Activity. Leaving out the pictures, reproduce each record exactly and in full.
*** Opening The records ***
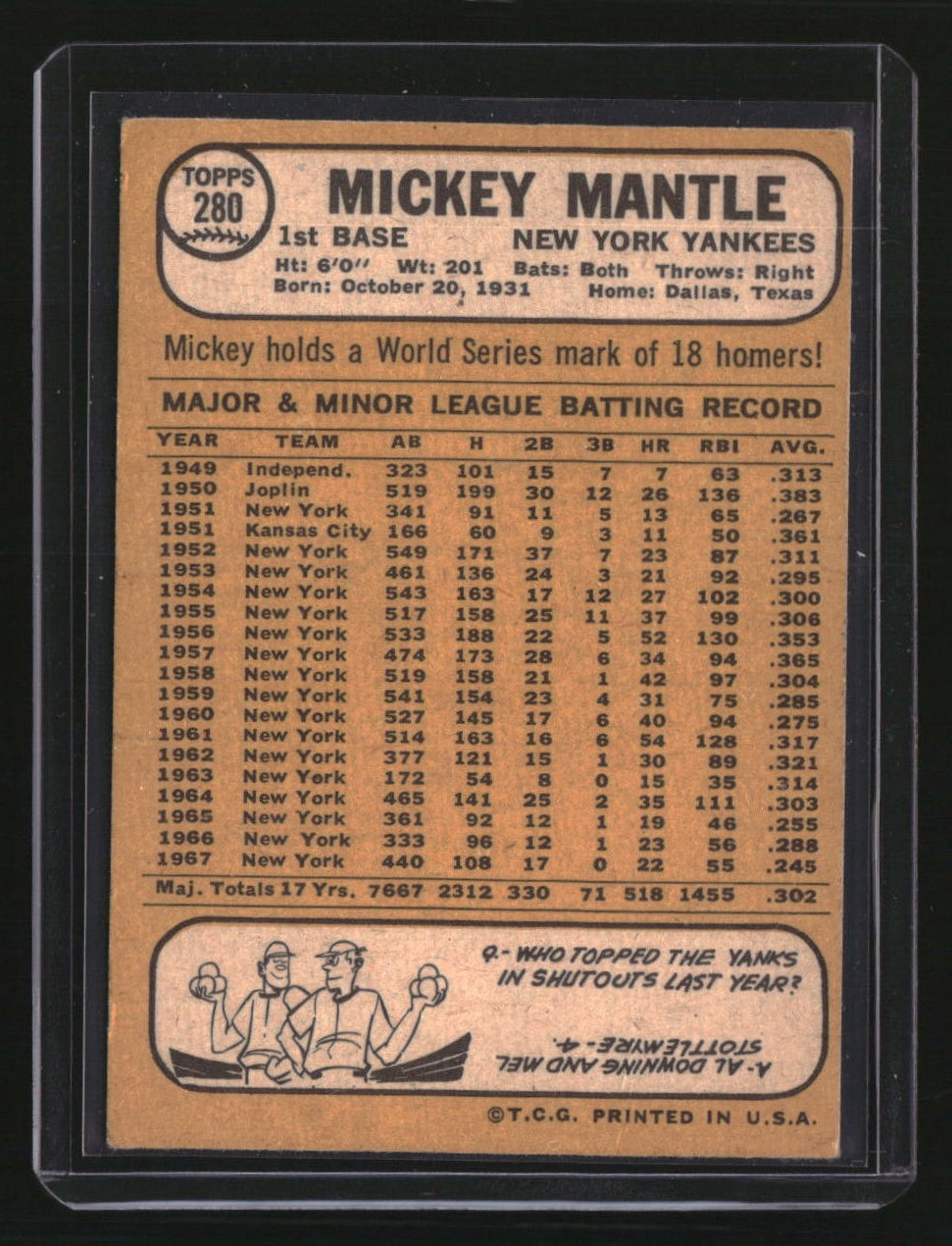 | *This is a Single Trading Card* | *Discounts are not available on Single Trading Cards* | This is a nice example of a 1968 Topps #280 Mickey Mantle . Please check out our other listings for more great cards. Thank you for your interest in one of our cards!!! Prior to making any bids/purchases, I would kindly ask you to read the information below: Item Condition Please see the provided pictures for the condition of the card or item, pictures of the front and back are provided for your review. We cannot accommodate requests for additional pictures. Any notable flaws or damage to this item will be noted in this listing. Please use the attached photos provided for your own assessment. Graded card cases may come with some minor wear/tear, surface scratch, chipped, or blemish. There are no partial refunds or returns because of the case condition. All single cards will come in protective cases. If you purchase a listing that's sold as a lot it may come in snap cases or sealed in a team bag, and not all cards will be individually sleeved and top loaded in all lots. Raw cards are sold as such, with no guarantees of potential and/or expected grades. All cards are sold as is, with no returns or refunds. Listed With Mascot.
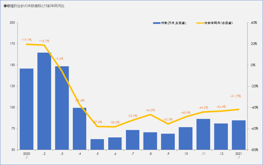 公益社団法人全国求人情報協会が発表した2021年1月の職種分類別件数は、全体で848,362件(前年比-41.9%)でした。前年比の下げ幅は昨年9月以降、ゆるやかに改善していますが、依然として前年の半分にも満たない数字で推移しております。
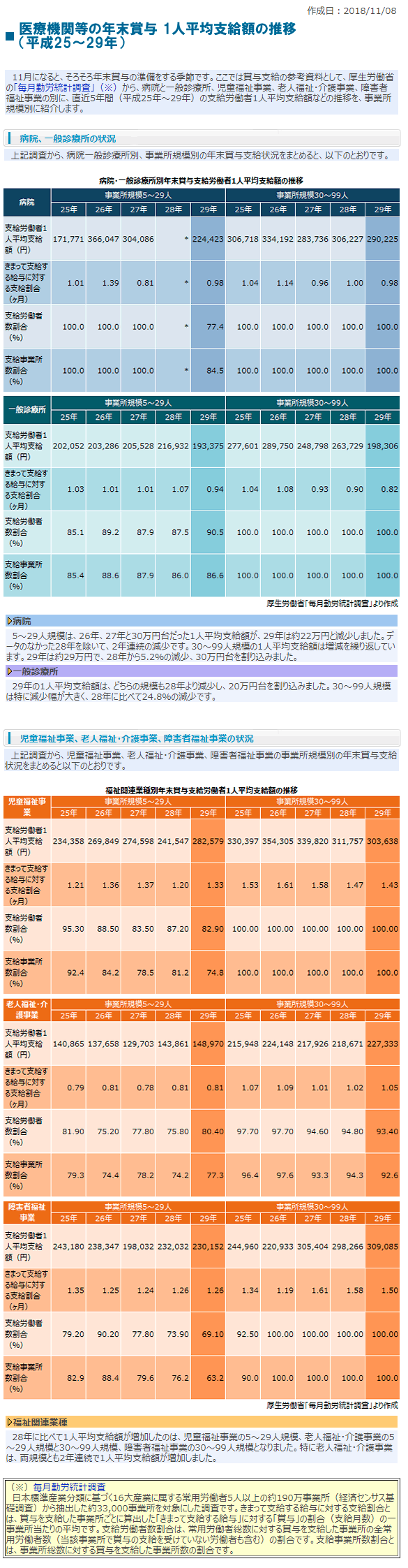 トップ > ブログ > 木村 > 医療機関等の年末賞与 1人平均支給額の推移(平成25~29年)
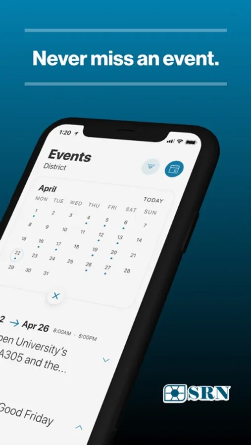 The event section shows a list of events throughout the district. Users can add an event to your calendar to share the event with friends and family with one tap.
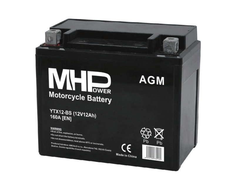 Motobaterie MHPower YTX12-BS AGM 12V, 12Ah, 160A
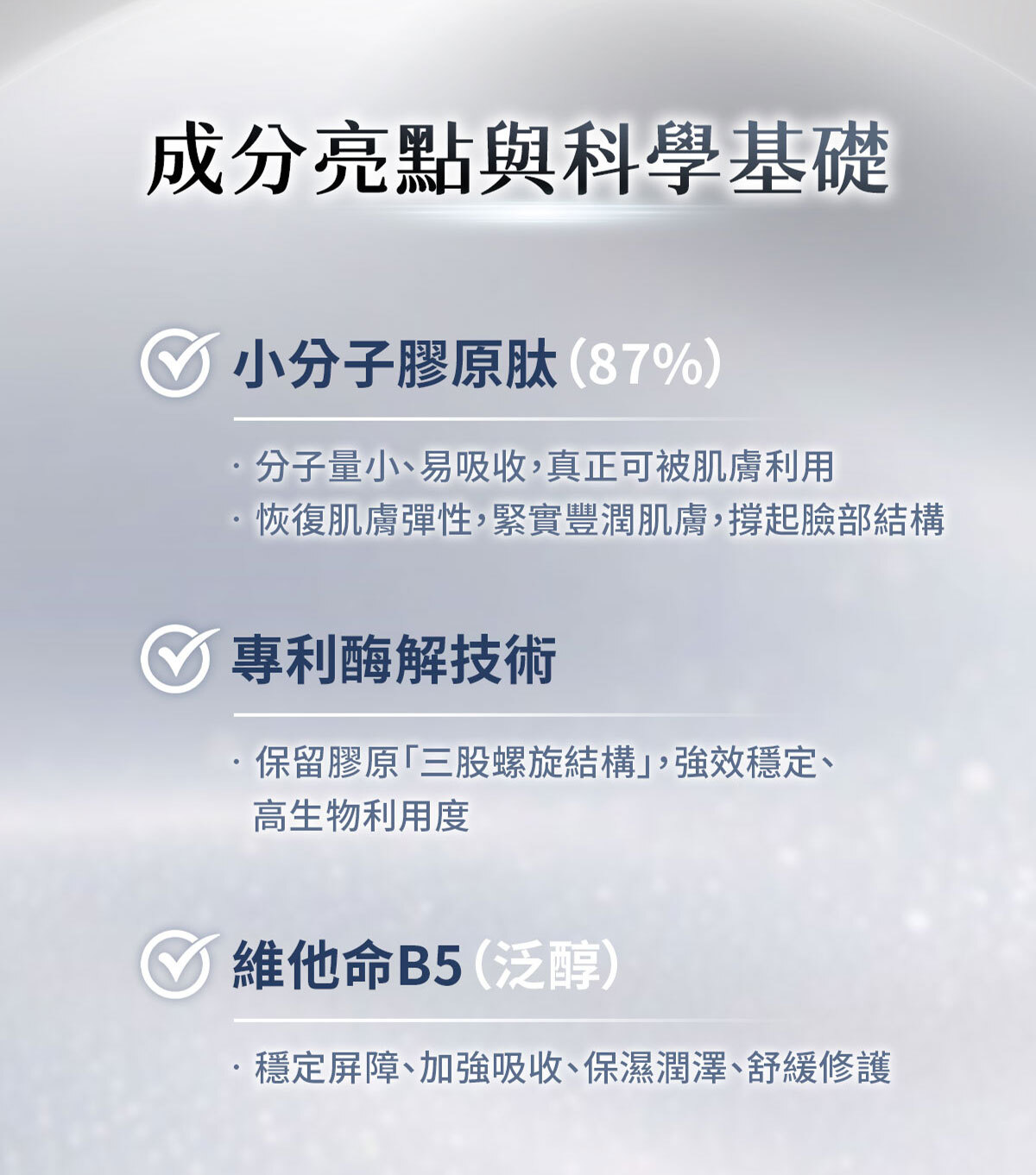 原料來源採用加拿大🇨🇦冰魚 透過專利酶解技術從魚麟萃取 因為特殊的萃取技術 使得蛋白質仍保有三股螺旋結構,更具保養效益。
*** Closing The records ***
Exercise output.
 | *This is a Single Trading Card* | *Discounts are not available on Single Trading Cards* | This is a nice example of a 1968 Topps #280 Mickey Mantle . Please check out our other listings for more great cards. Thank you for your interest in one of our cards!!! Prior to making any bids/purchases, I would kindly ask you to read the information below: Item Condition Please see the provided pictures for the condition of the card or item, pictures of the front and back are provided for your review. We cannot accommodate requests for additional pictures. Any notable flaws or damage to this item will be noted in this listing. Please use the attached photos provided for your own assessment. Graded card cases may come with some minor wear/tear, surface scratch, chipped, or blemish. There are no partial refunds or returns because of the case condition. All single cards will come in protective cases. If you purchase a listing that's sold as a lot it may come in snap cases or sealed in a team bag, and not all cards will be individually sleeved and top loaded in all lots. Raw cards are sold as such, with no guarantees of potential and/or expected grades. All cards are sold as is, with no returns or refunds. Listed With Mascot.
 公益社団法人全国求人情報協会が発表した2021年1月の職種分類別件数は、全体で848,362件(前年比-41.9%)でした。前年比の下げ幅は昨年9月以降、ゆるやかに改善していますが、依然として前年の半分にも満たない数字で推移しております。
 トップ > ブログ > 木村 > 医療機関等の年末賞与 1人平均支給額の推移(平成25~29年)
 The event section shows a list of events throughout the district. Users can add an event to your calendar to share the event with friends and family with one tap.
 Motobaterie MHPower YTX12-BS AGM 12V, 12Ah, 160A
 原料來源採用加拿大🇨🇦冰魚 透過專利酶解技術從魚麟萃取 因為特殊的萃取技術 使得蛋白質仍保有三股螺旋結構,更具保養效益。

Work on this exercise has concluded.